Comunicare la disabilità: “sordo”, “speciale” e “sfortunato” sono parole ed espressioni da evitare

Un vademecum e un glossario per capire quali espressioni evitare e quali invece preferire quando si parla di disabilità. Non una carta deontologica, ma un valido supporto per giornalisti e comunicatori perché le parole possano andare oltre stereotipi e pregiudizi. Non “sordo”, “disabile” o “affetto da autismo”. Ma “persona con disabilità uditiva”, “con disabilità” e “con autismo”. Nasce così, su questi obiettivi, “Comunicare la disabilità. Prima la persona”, frutto del lavoro del “Gruppo Carta di Olbia” curato dal Coordinamento pari opportunità del Consiglio Nazionale dell’Odg. Un team a più voci, che nel dicembre 2022 ha anche presentato al presidente nazionale dell’Ordine Carlo Bartoli una proposta di norme deontologiche, cercando di andare oltre la visione preconfezionata della disabilità.

Informazione e disabilità, l’incontro al rettorato di Cagliari

Sono questi, dunque, i punti salienti della quinta tappa del percorso formativo del “gruppo Carta” svolto nei locali del Rettorato dell’Università degli Studi di Cagliari. Il gruppo di lavoro composto dalle giornaliste di GIULIA Sardegna Susi Ronchi, Caterina De Roberto, Vannalisa Manca e Francesca Arcadu (quest’ultima anche vicepresidente Uildm Sassari), da Veronica Asara presidente dell’Associazione SensibilMente Olbia e dall’avvocata Sara Carnovali.

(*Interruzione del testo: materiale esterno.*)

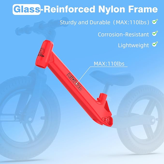 - 【LIGHTWEIGHT & DURABLE FRAME】 Built with a glass-reinforced nylon frame, this kids balance bike 3+ year old matches the strength of carbon steel, supporting up to 110 lbs while weighing only 7.06 lbs. The corrosion-resistant frame prevents rust, ensuring durability. Lightweight and easy to handle, it's perfect for kids to ride and parents to carry.
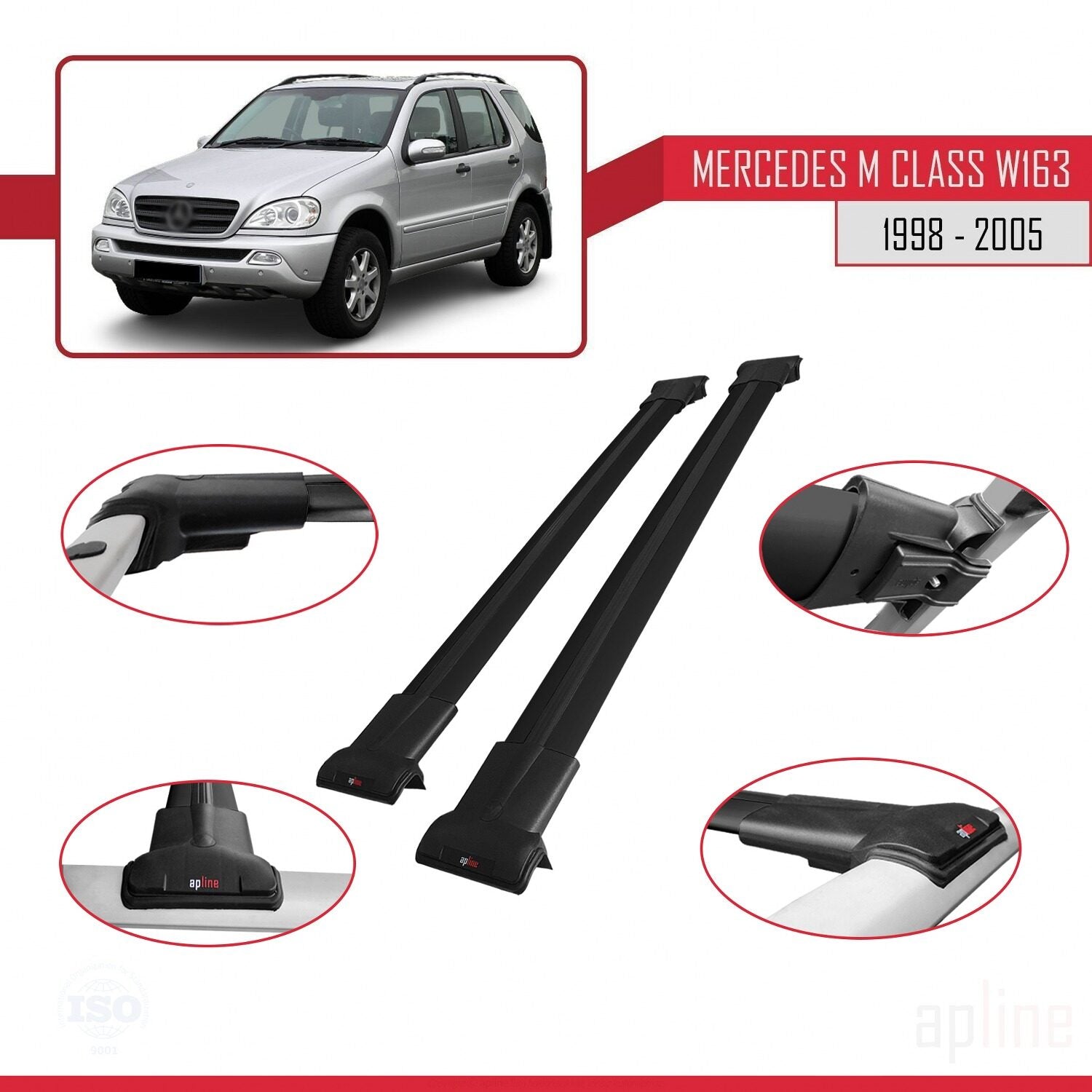 Compatible avec Mercedes Classe M (W163) 1998-2005 FLY Model Barres de Toit Railing Porte-Bagages de Voiture Noir Aluminium 2 Barres
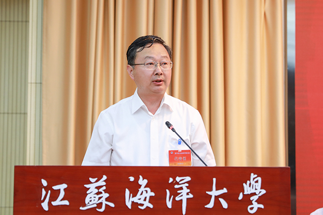 连云港市总工会副主席张明富对大会的召开表示热烈的祝贺并发表了热情洋溢的讲话。他表示,学校2019年成功更名后提出的“提高内涵建设、建设高水平应用研究型海洋大学”这一目标,体现了全体教职工、工会会员的殷切期望和责任感。同时,他就如何做好新形势下的工会工作提了宝贵意见:一是要慎终如始,扎实推进防疫和教学工作,实现两手抓两手硬;二是要激发创新活力,在服务学校事业发展中建功立业;三是要提升服务能力,切实增强教职工获得感幸福感。

Attualmente, si rileva come manchi un linguaggio inclusivo e nella comunicazione non è raro scivolare in frasi fatte e stereotipi come “costretto sulla carrozzina”, ad esempio, oppure “persona o bambino speciale”.

L’esigenza di una carta condivisa: le parole si evolvono nel tempo

Ma allora quali parole si devono usare, quando si parla di disabilità? Prima di tutto bisogna capire che cosa vogliamo comunicare a chi legge o ascolta. La persona, oggetto della comunicazione, deve essere sempre messa al centro ed è importante saper dosare le parole, capaci di costruire ponti sì, ma a volte anche muri. Partire dalla persona, prima ancora che dalla sua disabilità. Le parole possono cambiare nel corso del tempo. Da intento neutro e positivo, infatti, possono arrivare ad accezioni negative. Come “handicap” o “handicappato”, originariamente nate con una connotazione non negativa e usate anche nel gergo sportivo.

Quali parole ed espressioni da evitare

Il linguaggio deve essere in grado di evolversi e adeguarsi alla società. La lingua infatti deve essere specchio dei cambiamenti, soprattutto quella dei giornalisti. “Persona disabile”? No, “persona con disabilità“. Spesso, infatti, si possono mettere in atto dei pregiudizi, ma è fondamentale mettere al centro la persona. E la disabilità? Solo se funzionale alla notizia. E ancora, “costretto su una sedia rotelle”. Meglio, “si muove su una sedia a rotelle“. Così come “bambino speciale”: il bimbo non è in una realtà parallela, lontana ed esclusiva. Talvolta, comunicando la disabilità, si cade nell’errore della narrazione del dolore: “gli sfortunati” o “diverso”; altre volte, invece, nell’esaltazione di ogni azione extra ordinaria: ma l’eccesso di premura può trasformarsi in esclusione. Senza contare quelle perifrasi che girano intorno ma non danno definizione: “diversamente abile”, ad esempio. Ma perché diverso?

Cercare sempre le parole giuste

Raccontare le persone, certo, ma sempre con rispetto. È questo il dovere di chi comunica sempre alla costante ricerca delle parole giuste. Avere cura delle persone, quindi. Anche, e soprattutto, nella scelta delle immagini. Con sensibilità? Meglio con professionalità. E curiosità per un mondo che riguarda 13 milioni di persone in Italia.